Bridger shook his head emphatically and her eyes went from him to the man in the cap and back again. “Not even close,” he said.

By this point the man had finished with his mail and abruptly pivoted on the ball of one foot to hurry up the aisle toward them, a sheaf of what looked to be bills and a manila envelope clutched to his chest, and she saw how wrong she'd been--even with the sunglasses and the bill of the cap pulled down low, this man was nothing like the one in the photograph. He was older, hair graying at the fringes of the cap, his nose splayed across his face as if it had been molded of clay, lips bunched round a look of eternal harassment. He wasn't the thief. He wasn't Frank Calabrese or whatever his name was. He was nobody. She watched him plunge impatiently through the door and scurry off down the street and still the blood pounded in her veins.

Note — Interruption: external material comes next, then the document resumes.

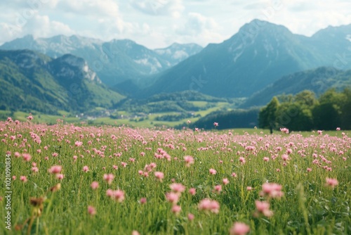 A beautiful field of pink flowers with mountains in the background, perfect for travel or nature-themed projects
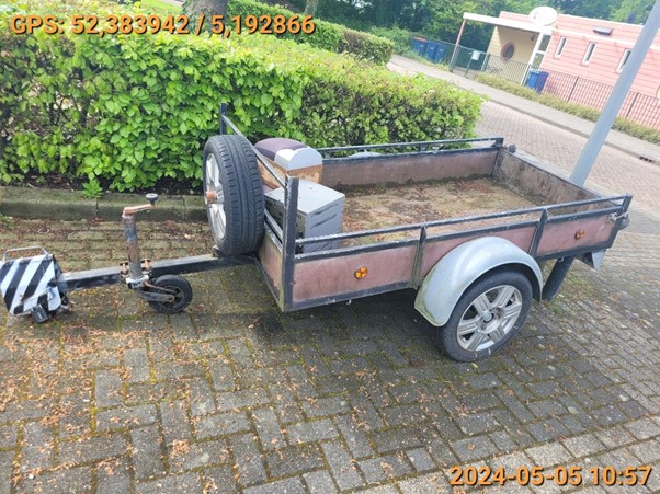 In Kruidenwijk op de Fluitekruidstraat ter hoogte van perceel 67 te Almere staat een aanhangwagen gestald. Kenmerk van de aanhanger: De aanhanger is zwart van kleur (frame) met houten borden aan de zijkant en stalen spartborden.

“All right,” Bridger said, swinging her round to face him, “we're going up to the counter now and you're going to be Dana Halter. Okay? You cool with that? Because I tell you, there's no other way.”

She wasn't cool with it. Wasn't down with the program or hip to it or copacetic or even just basically willing, but she let him guide her up to the counter and tried on a smile for the heavyset woman, who gave it right back to her. “Can I help you?” the woman said, and that was easy to read--context, context was all.

“Yes, please,” Dana said, and dropped her eyes a moment while she extracted her driver's license from her purse and laid it on the counter. “I'm Dana Halter?” she said, looking up again. “I just--I don't know, I guess I misplaced my mailbox key...”

The woman was younger than she'd first appeared. She was wearing a pink cable-knit sweater that gave an unfortunate emphasis to her shoulders and upper arms, her skin was pale to the point of anemia and she wore a pair of clunky-looking glasses with clear plastic frames. But her eyes were what mattered, and her eyes were nonjudgmental. She barely glanced at the license and then slid it back across the counter. “No problem,” she said, and her smile brightened, and then she said something else.

“I'm sorry, what?”

Dana saw the woman flick her eyes to Bridger and then Bridger said something.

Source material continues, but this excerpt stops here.